You must install the GPU driver to use a compute optimized instance with GPU capabilities. You can choose whether to install the GPU driver when you create an instance, or manually install the driver after the instance is created. This topic describes how to create a compute optimized instance with GPU capabilities and install the driver during the creation process.

Background information

If you choose to install the driver when you create the instance, take note of the following items:
  • The GPU driver can only be installed on instances that run Linux public images.
  • The automatic installation script has been updated to V2.1. It can be used in the automatic installation of different versions of GPU drivers, CUDA, and CUDA Deep Neural Network (cuDNN) libraries.
  • Depending on the internal bandwidth and the number of CPUs of the specific instance type, the automatic installation process requires 10 to 15 minutes.

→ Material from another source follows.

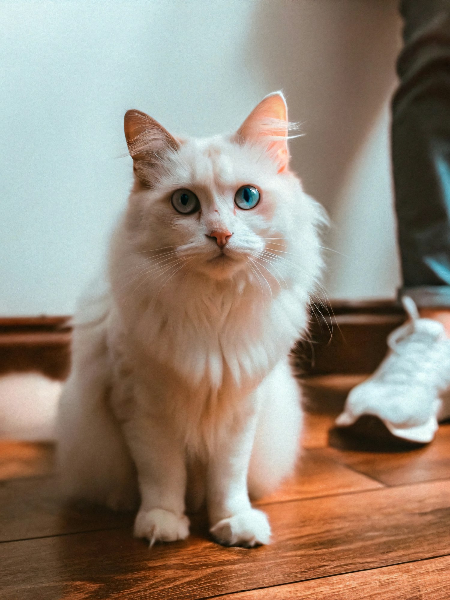 Fluffy white cat with blue eyes sitting on a wooden floor, warm lighting, and a sneaker in the background.
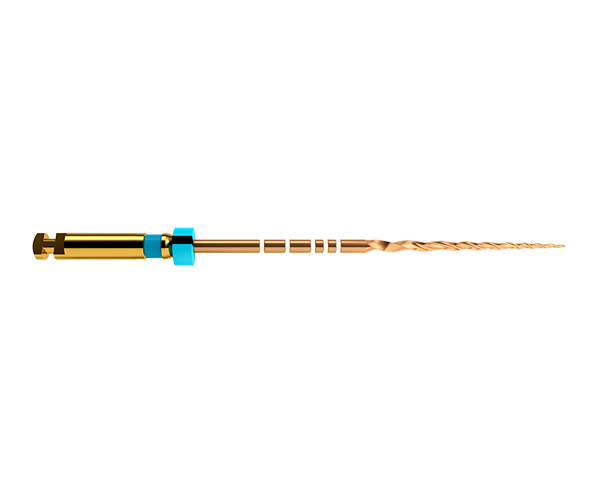 New Protaper Gold instruments with progressive taper. Made of nickel-titanium, they represent the latest generation in rotary mechanical instrumentation for endodontics, allowing for rapid and efficient preparation of root canals while respecting their anatomy. Advantages: The multiple taper enhances flexibility, cutting efficiency, and reduces stress - Long and curved canals are shaped using only 3 to 4 instruments.

The GPU cannot be used during the installation process. Do not perform any operation on the instance or install other GPU-related software. Otherwise, the automatic installation may fail, causing the instance to become unavailable.
  • If you change the operating system after you create the instance, ensure that you use the same image or an image that can automatically install the CUDA and GPU drivers to prevent failure in automatic installation. For more information, see Images supporting automatic installation of CUDA and GPU drivers.
  • You can connect to the instance and view the installation progress and result in the installation log:
    • If the installation is in progress, you can see the installation progress bar.
    • If the installation succeeds, NVIDIA INSTALL OK is displayed.
    • If the installation fails, NVIDIA INSTALL FAIL is displayed.
    • The storage path for detailed installation logs is /root/nvidia/nvidia_install.log.

Procedure

This procedure focuses on the configurations related to compute optimized instances with GPU capabilities. For more information about general configurations, see Create an instance by using the provided wizard.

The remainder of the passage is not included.